I have size 32 flies too, but these days as my time grows shorter and shorter I find that if a fish won't hit a size 10 then to hell with him, there are plenty of fish that will, I go find them.

as said above, the flouro is great if you are finessing, the braid if you are chunking back into brush and junk, but for the money its hard to beat mono.


----------



## Chaser (Sep 28, 2007)

The way I understand it, the fluoro has less stretch and more strength than mono. It also disappears in the water because it doesn't reflect light. Apparently the light just goes right through it.

I do have a spool for my larger reel outfitted with braid for when I really wanna be able to pull a lure loose or troll. You don't have to worry about it breaking, but I think trout are sensitive to it, so its no good for really clear water and finesse presentations. 
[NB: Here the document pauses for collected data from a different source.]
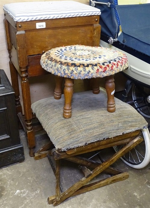 2 upholstered stools, and a sewing cabinet
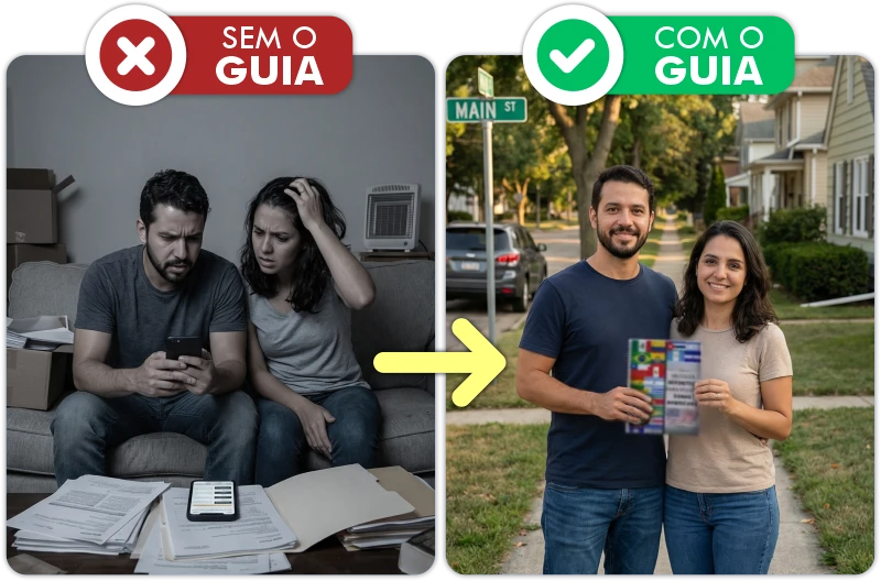 Toda essa experiência virou um Guia Prático, criado para ajudar brasileiros a chegarem mais preparados, economizarem dinheiro e evitarem erros que cerca de 99% dos brasileiros comentem no seu primeiro mês.
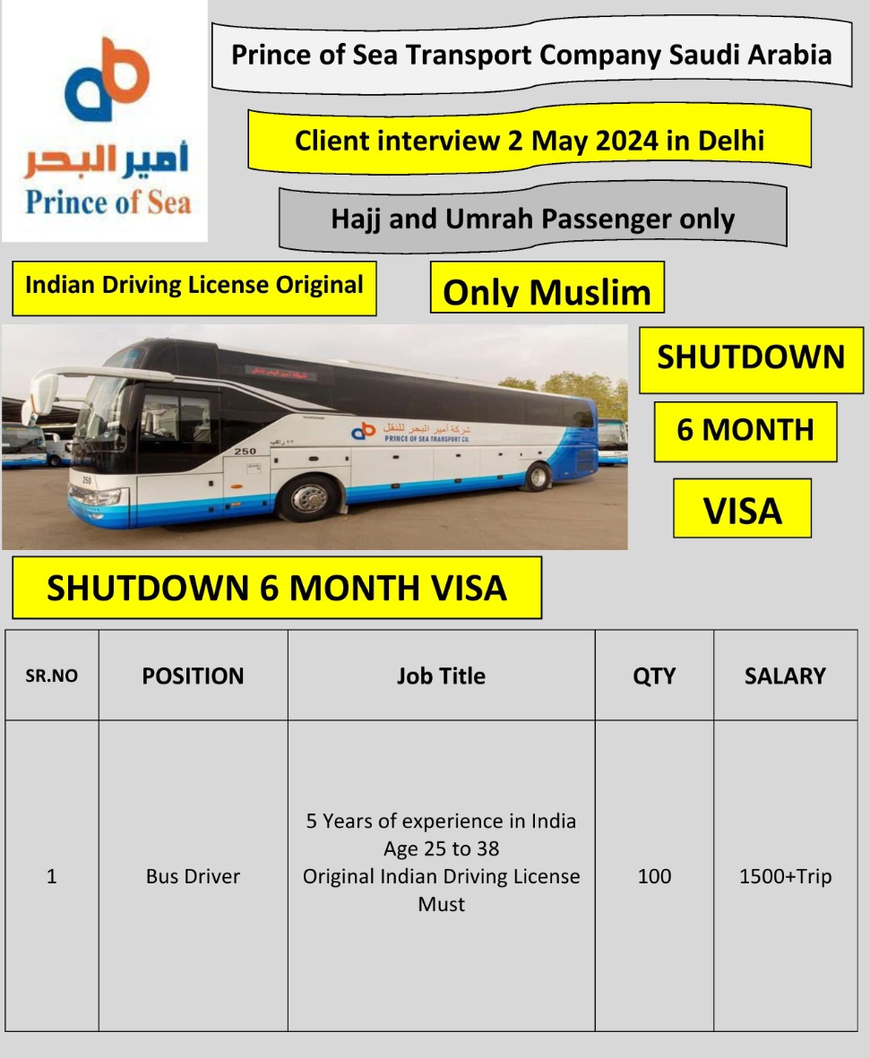 Bus Driver – Indian License – For Hajj and Umrah passengers – Prince of Sea company – Saudi Arabia – 6 months shutdown work – Shutdown Visa Saudi Arabia
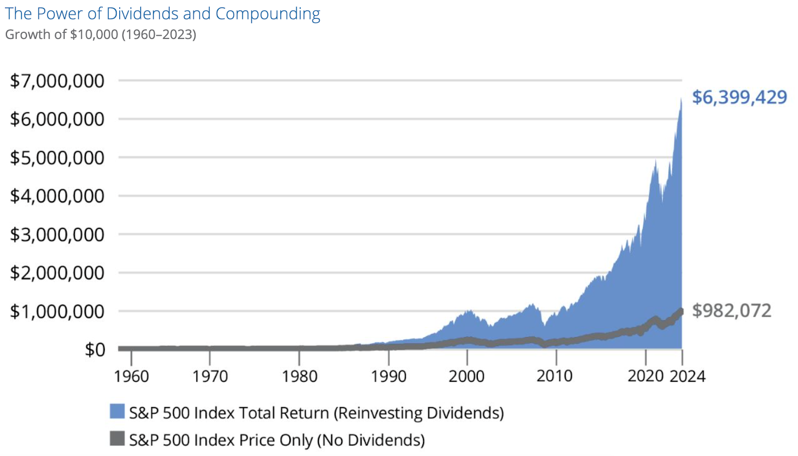 Dividend-paying stocks have also delivered strong results: from 1960 to 2023, $10,000 invested in the S&P 500 grew to over $6.39 million when dividends were reinvested — compared to just $982,000 without dividends.

I fish 4 and 6 lb fluorocarbon 80-85% of the time, and it seems to work just fine. It also seems to have less memory than the mono I used to use. Just buy the good stuff. I learned that the hard way. Trilene fluoro is HORRIBLE!


----------



## LOAH (Sep 29, 2007)

Just my opinion, but I've almost sworn off braid. It has torn up my guides on old rods to the extent that they will cut my line (even the braid) on a hookset. Back when I used it, there was an issue with it fraying ever so slightly and sticking to itself on the spool. It made for some awful casting, only after a couple of uses. Perhaps trolling with a baitcaster would be okay with it.

The fluorocarbon didn't impress me much and I haven't bought any for a couple of years, due to that. It broke often and didn't hold up well to the way I fish. I tried P-Line and Vanish and didn't like either. If someone who swears by the stuff can point me to a good brand of fluoro in 4lb, I'll give it another shot.

Of course, mono is what I cut my teeth on and it's been the most reliable from the start to the present. When I first started getting into larger fish, I had a few break-offs (never used the drag) and decided to get the beefy 10lb mono, which worked well, but has a lot of memory and is very visible to the fish. Spooked many a would-be trophy with it.

Some weirdo named brookieguy1 and his buddy FLYFSHR ( :wink: ), convinced me to get some smaller line and I've been in love with 4lb mono ever since. Cabela's Pro has been really good and I don't recall breaking off once since I started getting it. It's well priced too.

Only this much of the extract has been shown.